### Task goal
Only the lines from the one containing "Fahrzeuge Einsatzleitwagen ELW" to the end of the material are to be copied, exactly and in full; images stay out.

### Information shown
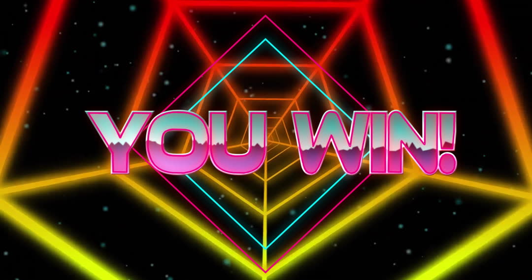 This vibrant and colorful neon animation features 'You Win' text in a retro-futuristic style, making it ideal for use in gaming victory screens, celebratory content, and technology-themed events. The geometric layers add depth and intrigue, perfect for emphasizing success and achievement in a lively and modern way.
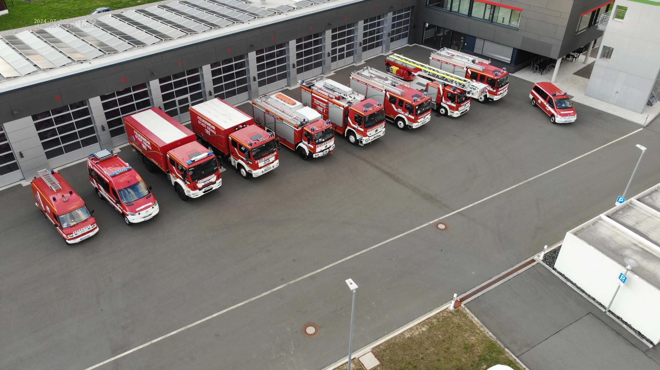 Fahrzeuge Einsatzleitwagen ELW Mannschaftstransportwagen MTW Kleinalarmfahrzeug KLAF Drehleiter DLK 23-12 Tanklöschfahrzeug TLF 24/50-CAFS Hilfeleistungslöschfahrzeug HLF 16/20 Löschgruppenfahrzeug LF 20/16-P750-CAFS Schlauchwagen SW 2000 Rüstwagen RW 2 Dekontaminationsfahrzeug Dekon-P Verkehrssicherungsanhänger VSA Netzersatzanlage NEA Stapler
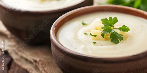 Nostalgic Comfort Creamy and Hearty Irish Potato Soup in Bowls. Concept Potato Soup Recipe, Irish Inspired, Comfort Food, Winter Warmer, Hearty Soup

### Final answer
 Fahrzeuge Einsatzleitwagen ELW Mannschaftstransportwagen MTW Kleinalarmfahrzeug KLAF Drehleiter DLK 23-12 Tanklöschfahrzeug TLF 24/50-CAFS Hilfeleistungslöschfahrzeug HLF 16/20 Löschgruppenfahrzeug LF 20/16-P750-CAFS Schlauchwagen SW 2000 Rüstwagen RW 2 Dekontaminationsfahrzeug Dekon-P Verkehrssicherungsanhänger VSA Netzersatzanlage NEA Stapler
 Nostalgic Comfort Creamy and Hearty Irish Potato Soup in Bowls. Concept Potato Soup Recipe, Irish Inspired, Comfort Food, Winter Warmer, Hearty Soup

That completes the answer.